Action item: A faithful copy of every entry, with the pictures removed, is what is needed here.

Material for the task:
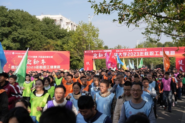 暖阳高照,喜迎新年。为增强教职工体质,繁荣校园文化,丰富教职工文体活动,12月14日下午,由校工会主办的“贯彻中国工会十八大精神 开启奋进新征程”tyc41183太阳成集团2023年教职工“迎新年健康跑”活动拉开帷幕。这是举办该活动的第15个年头,“健康跑”已经成为教职工喜闻乐见的工会品牌活动。郫都校区和宜宾校区同时举行本次活动,共有1700余名教职工参加,全程约3公里。
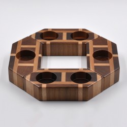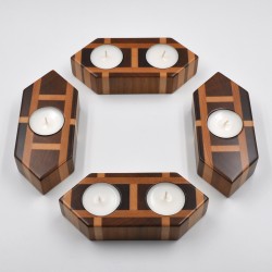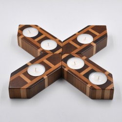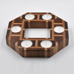 Handmade candle holder manufactured with natural mansonia and beech wood end-grain. Varnished finish.
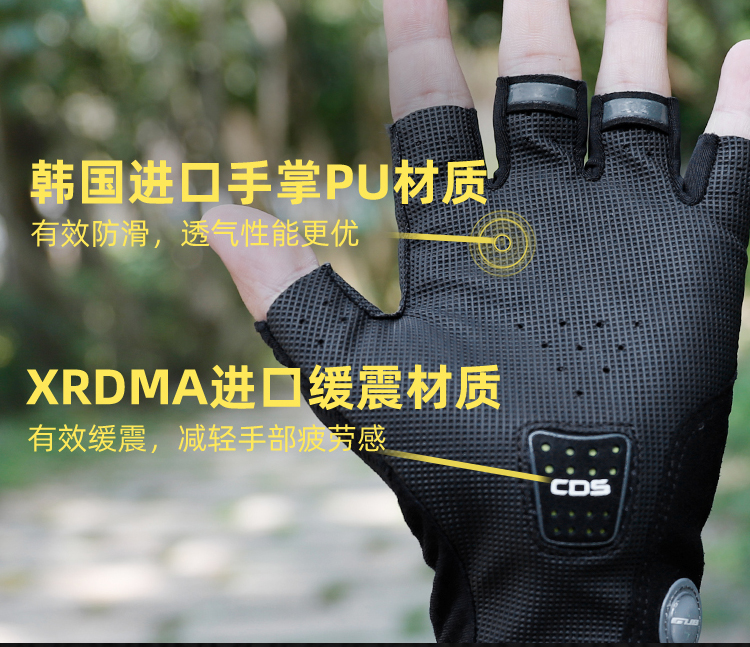 材質(zhì):手背高彈透氣中字格面料,手掌采用韓國進口PU和進口XRDMA緩震材質(zhì)填充墊
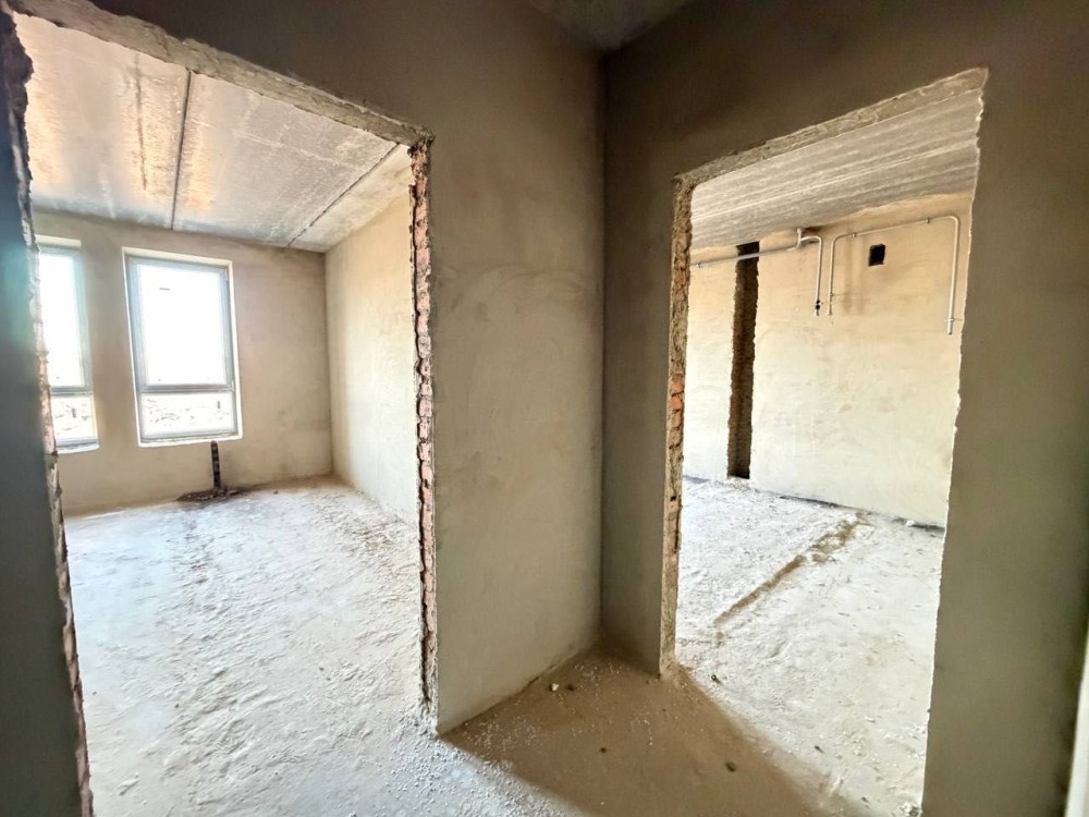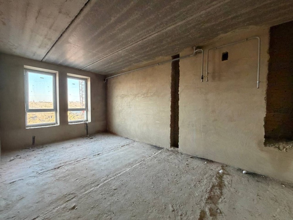 Стан після будівельників: чорнова штукатурка, чистова стяжка підлоги, встановлений газовий двоконтурний котел та встановлені радіатори. Розведені мокрі точки по квартирі.
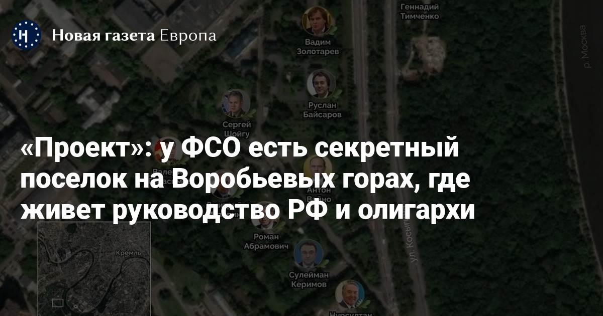 В центре Москвы на Воробьевых горах есть секретный поселок ФСО (Федеральной службы охраны), где высокопоставленные российские чиновники, олигархи и бывший президент Казахстана Нурсултан Назарбаев получили дачи. Об этом сообщается в расследовании «Проекта».
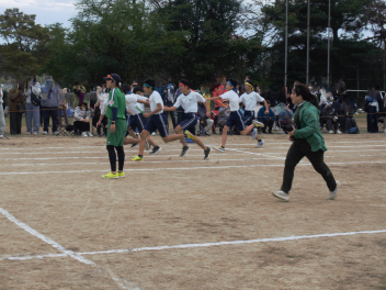 体育祭の最初の競技は徒競走。レースが進むごとに応援にも熱が入っていきました。
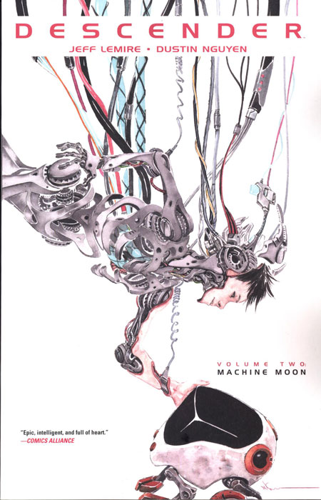 Young robot boy TIM-21 and his companions struggle to stay alive in a universe where all androids have been outlawed and bounty hunters lurk on every planet. DESCENDER is a rip-roaring and heart-felt cosmic odyssey, pitting humanity against machine and world against world to create a sprawling epic. Collects DESCENDER #7-11
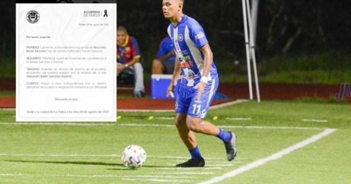 'Lamentar profundamente la partida de Nazareth Belén Sánchez, hija de nuestro futbolista Durvin Sánchez', dice el acuerdo de duelo del Victoria.
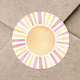 This round sticker design features a simple pink sun at the center, radiating with soft, cheerful rays. With no words, it's perfect for a baby shower, a first trip around the sun birthday, or anyone who loves a sunny, summer vibe.

Solution to this exercise:
 暖阳高照,喜迎新年。为增强教职工体质,繁荣校园文化,丰富教职工文体活动,12月14日下午,由校工会主办的“贯彻中国工会十八大精神 开启奋进新征程”tyc41183太阳成集团2023年教职工“迎新年健康跑”活动拉开帷幕。这是举办该活动的第15个年头,“健康跑”已经成为教职工喜闻乐见的工会品牌活动。郫都校区和宜宾校区同时举行本次活动,共有1700余名教职工参加,全程约3公里。
 Handmade candle holder manufactured with natural mansonia and beech wood end-grain. Varnished finish.
 材質(zhì):手背高彈透氣中字格面料,手掌采用韓國進口PU和進口XRDMA緩震材質(zhì)填充墊
 Стан після будівельників: чорнова штукатурка, чистова стяжка підлоги, встановлений газовий двоконтурний котел та встановлені радіатори. Розведені мокрі точки по квартирі.
 В центре Москвы на Воробьевых горах есть секретный поселок ФСО (Федеральной службы охраны), где высокопоставленные российские чиновники, олигархи и бывший президент Казахстана Нурсултан Назарбаев получили дачи. Об этом сообщается в расследовании «Проекта».
 体育祭の最初の競技は徒競走。レースが進むごとに応援にも熱が入っていきました。
 Young robot boy TIM-21 and his companions struggle to stay alive in a universe where all androids have been outlawed and bounty hunters lurk on every planet. DESCENDER is a rip-roaring and heart-felt cosmic odyssey, pitting humanity against machine and world against world to create a sprawling epic. Collects DESCENDER #7-11
 'Lamentar profundamente la partida de Nazareth Belén Sánchez, hija de nuestro futbolista Durvin Sánchez', dice el acuerdo de duelo del Victoria.
 This round sticker design features a simple pink sun at the center, radiating with soft, cheerful rays. With no words, it's perfect for a baby shower, a first trip around the sun birthday, or anyone who loves a sunny, summer vibe.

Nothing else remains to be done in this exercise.